In the case of the Hydrogen Once Through Penex designs, where the hydrogen content
of the reactor charge is so much lower than for recycle gas Penex, the reactor feed will contain a
considerable amount of liquid. The equilibrium concentration for isoparaffins in the liquid phase
is lower than in the vapor phase. This is a thermodynamic phenomenon related to the lower
Gibbs free energies for the components in the liquid phase. The attached figures illustrate the
equilibrium for both the vapor and liquid phases for isopentane and 2,2 DMB. The use of
temperatures higher than necessary to achieve a reasonable close approach to equilibrium
accomplishes neither other than to increase the amount of hydrocracking. Extremely high,
temperatures may lead to an increased rate of carbon laydown on the catalyst; however, the
carbon forming propensity of the catalyst is inherently so low that excessive hydrocracking
would normally be encountered before carbon formation problems would develop. It is
recommended, however, that UOP be consulted before temperatures above about 380°F are
employed.
A typical C5/C6 Penex unit is provided with two reactors in series with provision for
independent temperature control. in The first reactor system affects the bulk of the isomerization,
so long as most of the catalyst therein is still active. All of the benzene in the feed is
hydrogenated in the first reactor, even when the catalyst therein has lost its activity with respect
to paraffin isomerization. Some conversion of cyclohexane and methyl cyclopentane to hexanes
also occurs, as does some hydrocracking of C7 to C3 and C4. These three reactions (benzene
hydrogenation, naphthene conversion to hexane, and C7 hydrocracking) are exothermic and, for a
typical feedstock, contribute more to the temperature rise in the first reactor than does paraffin
isomerization, which is also exothermic.
Normally, the first reactor will be operated at such a temperature as to maximize the
concentration of isopentane and 2,2 dimethyl butane in its effluent. The concentrations attainable
and-the required outlet temperature will be influenced by the amount of active catalyst present
and by the amount of C6 cyclic and C7 components present in the feed, higher temperatures being
required with high concentrations of these components in the feed. By this procedure, the
required operating temperature for the second reactor is reduced and it is possible to operate
under conditions where the equilibrium is more favorable.

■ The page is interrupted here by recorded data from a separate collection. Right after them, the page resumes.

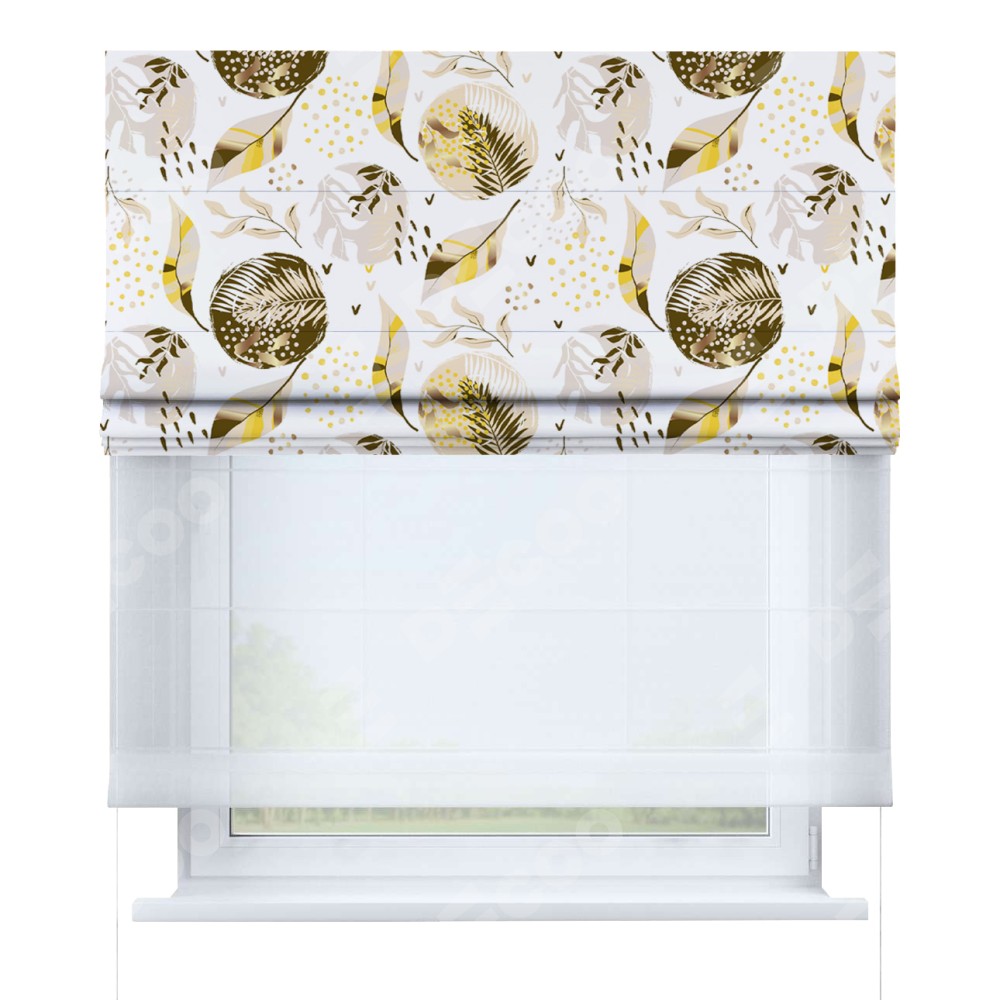Римская штора день-ночь производителя «Cortin», используется для проёма, пошита из двух полотен, с лицевой блэкаут с нанесением сублимационной печати «Золотые листья», вторая ткань тюль (по стандарту комплектуется тюль белого цвета артикул V-01). Имеет универсальный механизм и подходит для монтажа: на потолок, на стену и в нишу.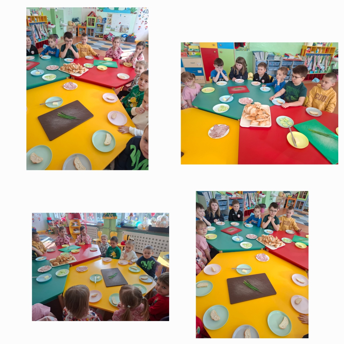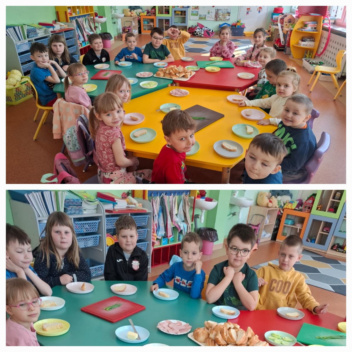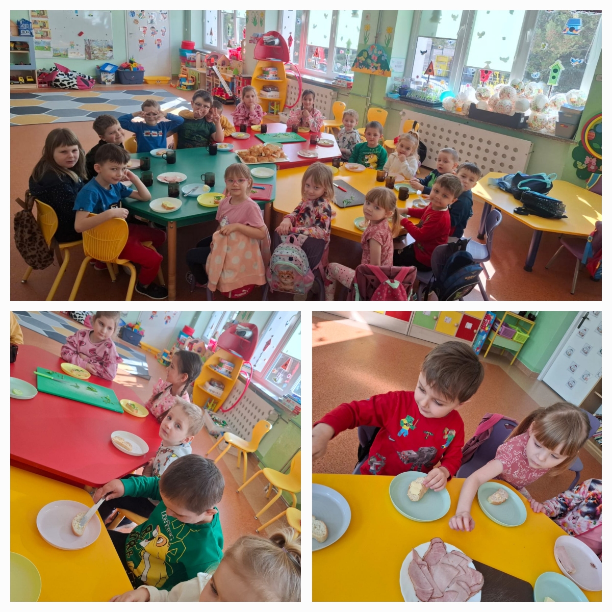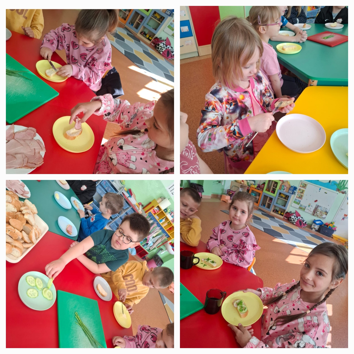Nasze przedszkolaki przygotowywały zdrowe, kolorowe kanapki. Wszyscy z zaangażowaniem dobierali składniki, aby każda wykonana kanapka wyglądała wyjątkowo. Na stole nie zabrakło wędliny, sera, ogórków, a także samodzielnie wyhodowanego szczypiorku. Głównym celem zajęć było poznanie kolejności działań przygotowania kanapki, kształcenie nawyków odpowiedniego odżywiania oraz rozwijanie kreatywności i doskonalenie samodzielności.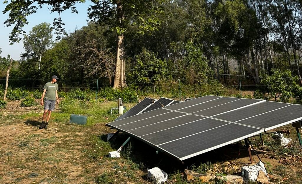 Rob checking the solar powered pump for a waterhole in Amangarh, India (2025)
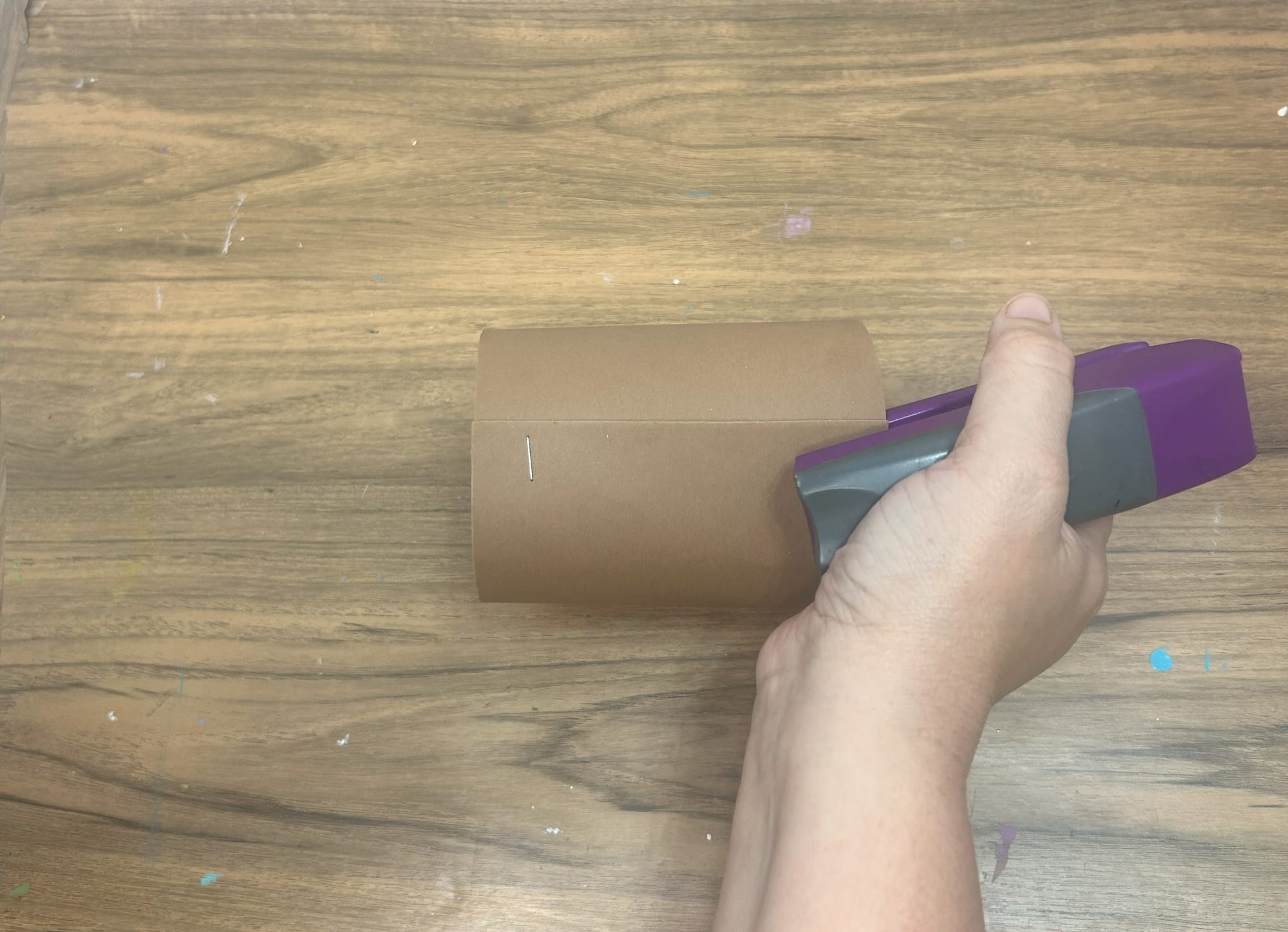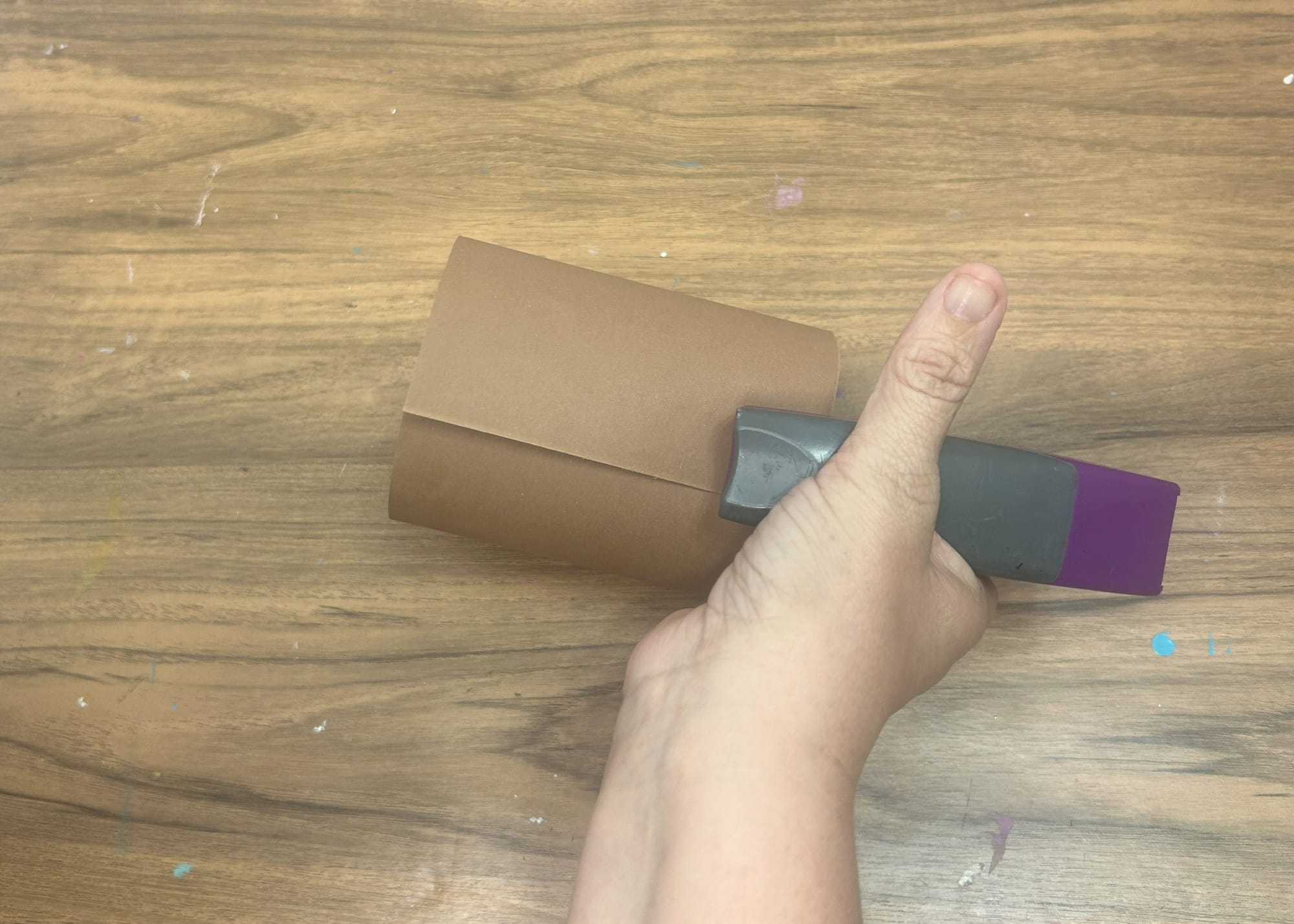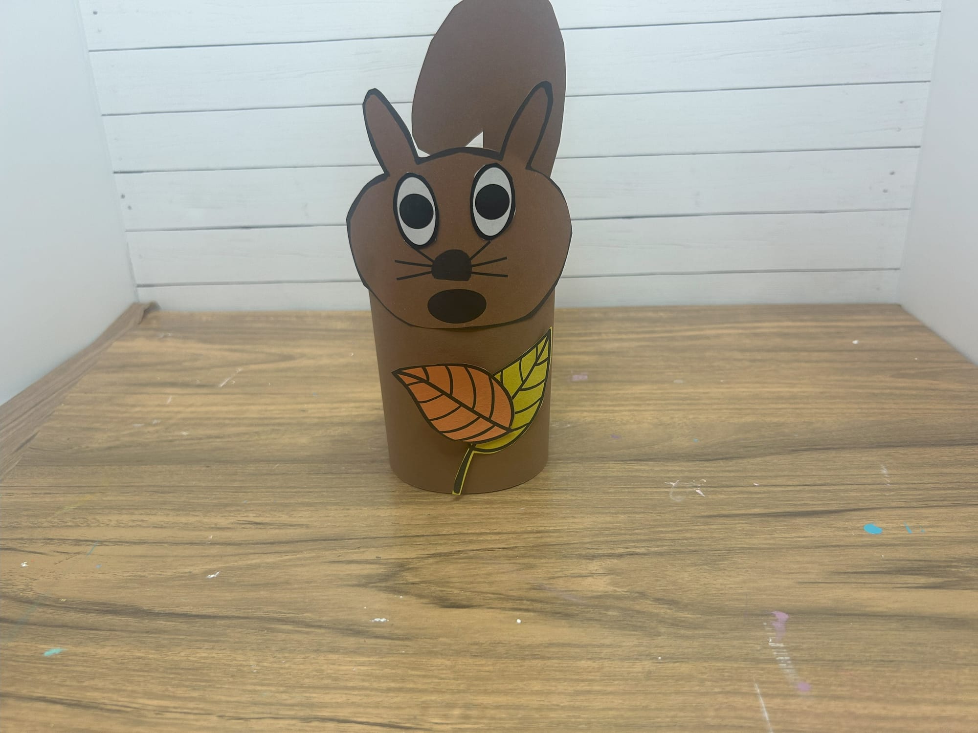 Roll the piece of brown paper into a tube. Glue or staple the end together, this will be the body of the squirrel. If you use glue, give some time for the glue to dry.
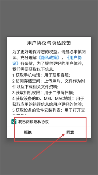 进入应用后会弹出【用户协议与隐私政策】的弹窗,在阅读相关条款后,勾选“我已阅读隐私协议”,再点击【同意】按钮。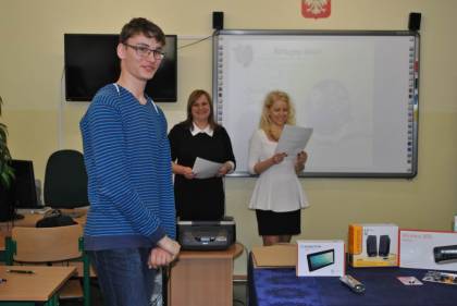 Wszyscy uczestnicy konkursu otrzymali atrakcyjne nagrody w postaci sprzętu elektronicznego. Dyrekcja Gimnazjum nr 2 i organizatorzy konkursu składają serdeczne podziękowanie sponsorowi za ufundowanie cennych nagród.

The optimum reactor temperatures are determined in the field by establishing a "base‖ set
of conditions and then varying the reactor temperatures, one at a time, from this base condition.
The performance of the reactors is determined by calculating the ―iso·ratios‖ of each reactor
effluent. Reactor effluent or product octane is not used for this determination since it is also
dependent on the relative amounts of C5 and C6 in the feedstock.
Another interaction may occur with feeds which are rich in C5 cyclics. Since these
materials tend to reduce the rate of paraffin isomerization, it may be beneficial with very rich
feed stocks to choose the first reactor system temperature to control the amount of` cyclics which
enter the second reactor system. By raising the first reactor system temperature, more of the
cyclics be converted to hexanes and the rate of isomerization in the second reactor system
thereby increased.
LIQUID HOURLY SPACE VELOCITY
This term, commonly shortened to LHSV, is defined as the volumetric hourly flow of
reactor charge divided by the volume of catalyst contained in the reactors in consistent units. The
design LHSV for C5/C5 Penex operation is- normally 1 to 2 and increasing the LHSV beyond
this could lead to lower product isomer ratios.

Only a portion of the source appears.